The detective in charge directed his attention to the two of us. “I think we have enough for now.” His face had the look of someone who’d eaten a plateful of bad shrimp. What he didn’t appear was the slightest bit concerned about a girl gnawing her thumb bloody and another running rosary beads through her teeth. “We’d like to speak to the Martin parents about our findings before continuing our interviews. This is a delicate matter for you and the campus. We’ll stay in touch. Keep your mouths shut. That’s best for everyone.”
Three weeks later, I stepped off a plane in Rome with a new hair color and never heard a word from the police again.
Now my fingers lingered over a narrow column copied crookedly on a sea of white paper, dated a month after I’d run out of town.
A black pen had made a loop around the third item, which announced that police were declaring Pierce Martin’s murder case inactive “due to lack of witnesses and evidence.”
Who did I have to thank for this lifetime reprieve?
The Chi Omega’s rich daddy? Rosary Girl’s direct line to God?

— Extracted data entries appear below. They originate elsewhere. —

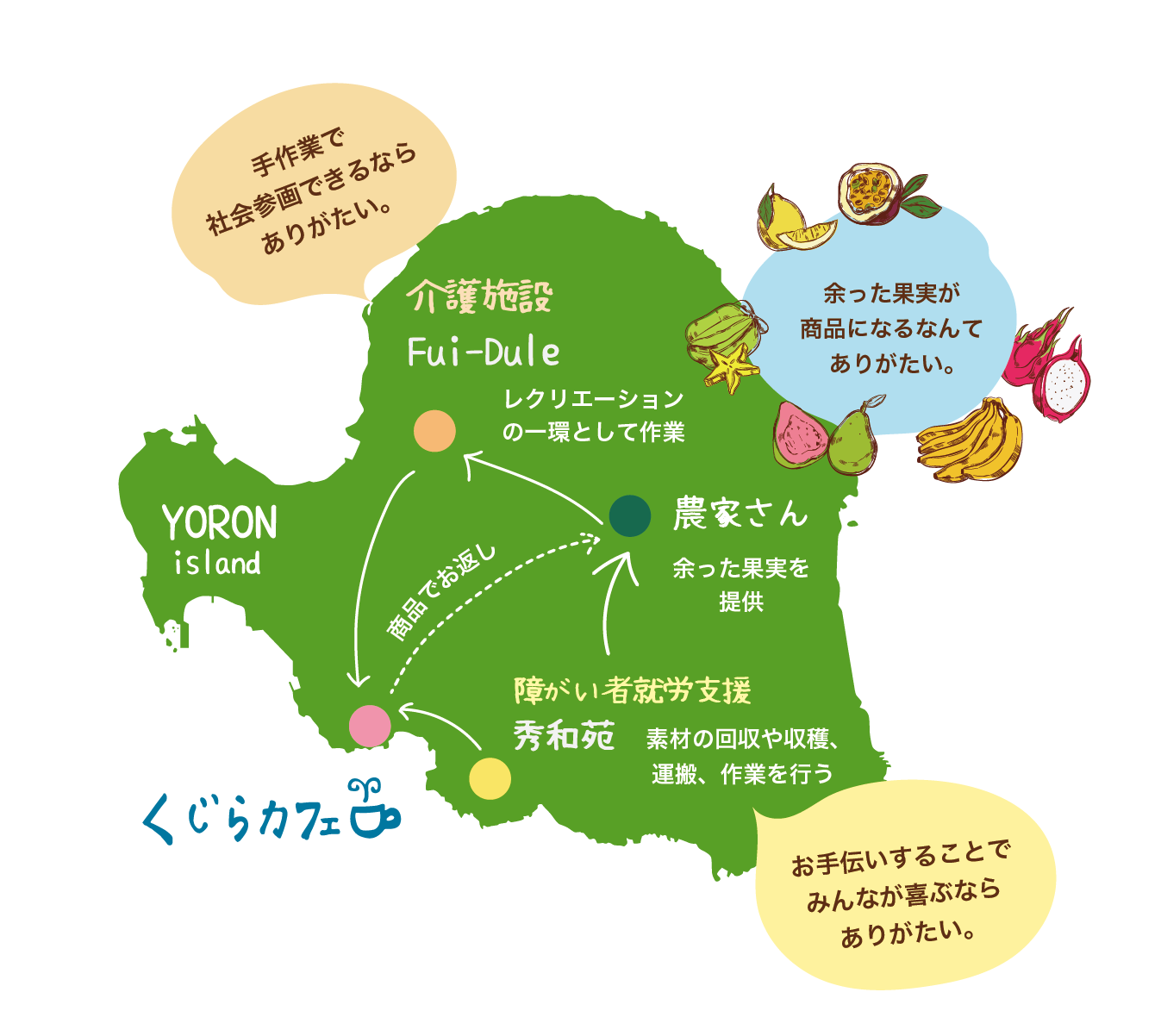 農家さんから集めたグアバなどの果実やハーブは、介護施設のFui-Dule(フゥイ–ドゥール)さんへ。
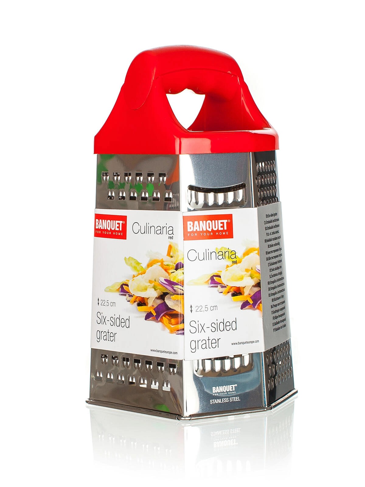 Découvrez un assistant universel pour la cuisine : la râpe inox CULINARIA à six faces, hauteur 22,5 cm. Chaque face propose un type de surface différent pour un travail optimal des ingrédients – du râpage très fin façon poudre, au râpage moyen et grossier en filaments, jusqu’aux surfaces de tranchage pratiques. Le corps robuste en acier inoxydable 430 (18/0) et la poignée solide en ABS assurent une prise ferme, une grande stabilité et une longue durabilité.
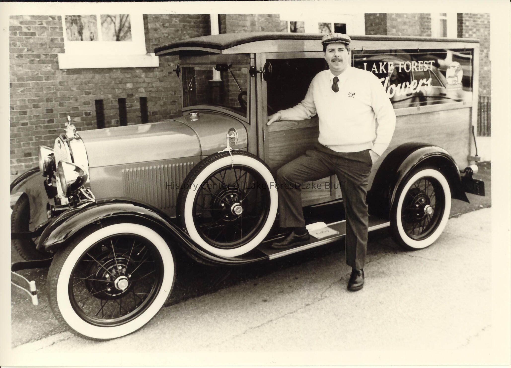 John A. Looby III stands in front of vintage car with "Lake Forest Flowers" on the rear window.
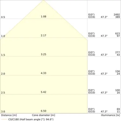 Der Abstrahlwinkel bezeichnet den Winkel, in dem das Licht aus der Lichtquelle ausgestrahlt wird. Er wird in Grad (D) angegeben. Je geringer die Gradzahl des Abstrahlwinkels ist, desto kleiner ist auch der Durchmesser des Lichtkegels, den die Lichtquelle produziert.
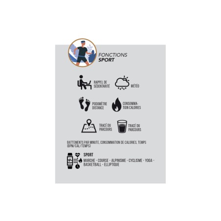 Montre connectée Mixte Smarty Energy Bracelet noir boitier rectangle

The incompetent campus policewoman who dismissed my rape report? Pierce’s mother, to protect his reputation, her reputation, after learning more than she wanted to know about her precious son from the police?
I hadn’t been the only girl in that interview waiting room whose body and soul had been torn apart by Pierce Martin. The police
knew
. I’d lay my life down on that.
I’d buried everything as deep as I could thirteen years ago. I’d vanished for a year, cutting ties to everyone except my parents, who agreed to support a year abroad at a small university in Rome. They hoped the experience would help heal me. I never
even registered at the university. My parents wired a monthly check to a Rome bank. An anonymous person forwarded each one to me after the first month without a single bit of hassle, even though I asked them to address the envelope to another girl’s name, two hundred miles away. The Italians understand that questions don’t always need to be asked.
I wrote my parents pure fantasy about my life: how I painted and studied during the week and backpacked to European landmarks on the weekends with a sisterly roommate who didn’t exist. I sent them little pencil sketches, all drawn from postcards I bought in a secondhand bookstore.
I returned home to my parents as myself, with my old name and my real hair color, hoping to leave my guilt and bewilderment behind. Instead, it chased me across the ocean, receding, crashing, teasing, always threatening to drag me under for the last time.
I
glanced at my watch, a cheap piece with a flat yellow smiley face and a fake white leather band that I bought in Times Square for $7. It always ran about five minutes slow, which I figured was more than fair for the price.
Eleven minutes plus five had passed since Maria left me alone in the closet. I’d thumbed through the rest of the folders on the desk but didn’t recognize any names. I stuck my own file in my purse without any hesitation.